CNN has a story about Huawei "routinely selling cheap equipment to rural providers in cases that appeared to be unprofitable for Huawei — but which placed its equipment near military assets". An example given in the article is Viaero, who service a large, but mostly sparse area in the middle of the USA that also happens to have dozens of ICBM facilities. What a coincidence! On these towers were also security cameras, also provided on the cheap by Chinese suppliers, that "were also inadvertently capturing the movement of US military equipment and personnel". Another nice coincidence! As usual with Huawei there's no concrete evidence their equipment is leveraged by Chinese spy agencies, but we know the USA does it, so the likelihood China does it too is pretty damn high.
The Office of the Victorian Information Commission audited DELWP, DJPR, TAC and WorkSafe Victoria to see how "public sector information" given to third parties is handled. If you don't know, "public sector information" is a phrase used for the vague category of data generated or owned by a department. It's likely not personally identifiable information (PII), but still risky when combined with other data sources these third parties might get their hands on. Anyways, you probably won't be shocked to learn that "none of the organisations were considered 'effective' across all four audit criteria". Lots of "partially effective" going on in OVIC's assessment.

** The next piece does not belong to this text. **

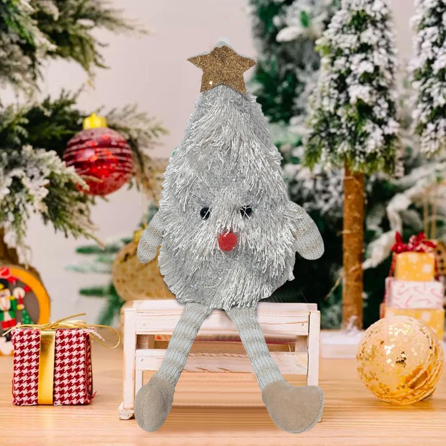 Decorazione natalizia perfetta: i graziosi peluche natalizi con estetica natalizia 3D a forma di soffice albero combinano fascino e funzionalità per arricchire il tuo ambiente stagionale. Ambiente natalizio: la decorazione senza tempo del design dell'albero con dettagli a stella e pompon crea un'atmosfera invitante e aumenta il calore festivo in ogni stanza durante le vacanze. Stabilità ottimizzata: la stabilità concentrata grazie all'imbottitura in cotone elastico e al fondo solido impedisce in modo affidabile il ribaltamento dei peluche natalizi mantenendo la stessa forma e orientamento. Idoneità all'uso quotidiano: progettati per feste, regali e accessori per la casa: i peluche Babbo Natale diffondono un'atmosfera festosa su scaffali, tavoli e scrivanie attraverso un'integrazione flessibile nella vita quotidiana. Morbido materiale di peluche: peluche corto di alta qualità con superficie liscia e calda, non irritante per la pelle dei bambini e ideale per la decorazione natalizia

Victorian electricity distributors CitiPower, Powercor and United Energy are testing a new tariff with "free" electricity between 10AM and 3PM. The Daytime Saver network tariff is designed to encourage retailers to offer plans that encourage customers to soak up all the excess electricity during daylight hours generated by rooftop solar panels - a problem known as the "duck curve" - instead of the distributor upgrading infrastructure to handle the unused electricity that has to go somewhere. It also allows people that cannot install solar on their roof (renters, apartments, townhouses, etc) to enjoy the benefits of solar energy. I don't know how to get in on this trial tariff, but I would like to!
I know we all loathe Google and they're evil data vultures and whatnot, but you gotta admit Chrome OS is pretty good. A glorified web browser with deep integration into Google's ecoystem is all the computer many people need and Chrome OS Flex lets you do that on any old laptop you've got floating around. Pretty much any Dell, Lenovo or HP laptop made in the last decade is now certified for Chrome OS Flex and will get years of updates. These laptops are also super cheap to buy refurbished off eBay if you just want something basic to browse the web with. If you need to manage a fleet of these things, Chrome Enterprise is US$50/yr per device.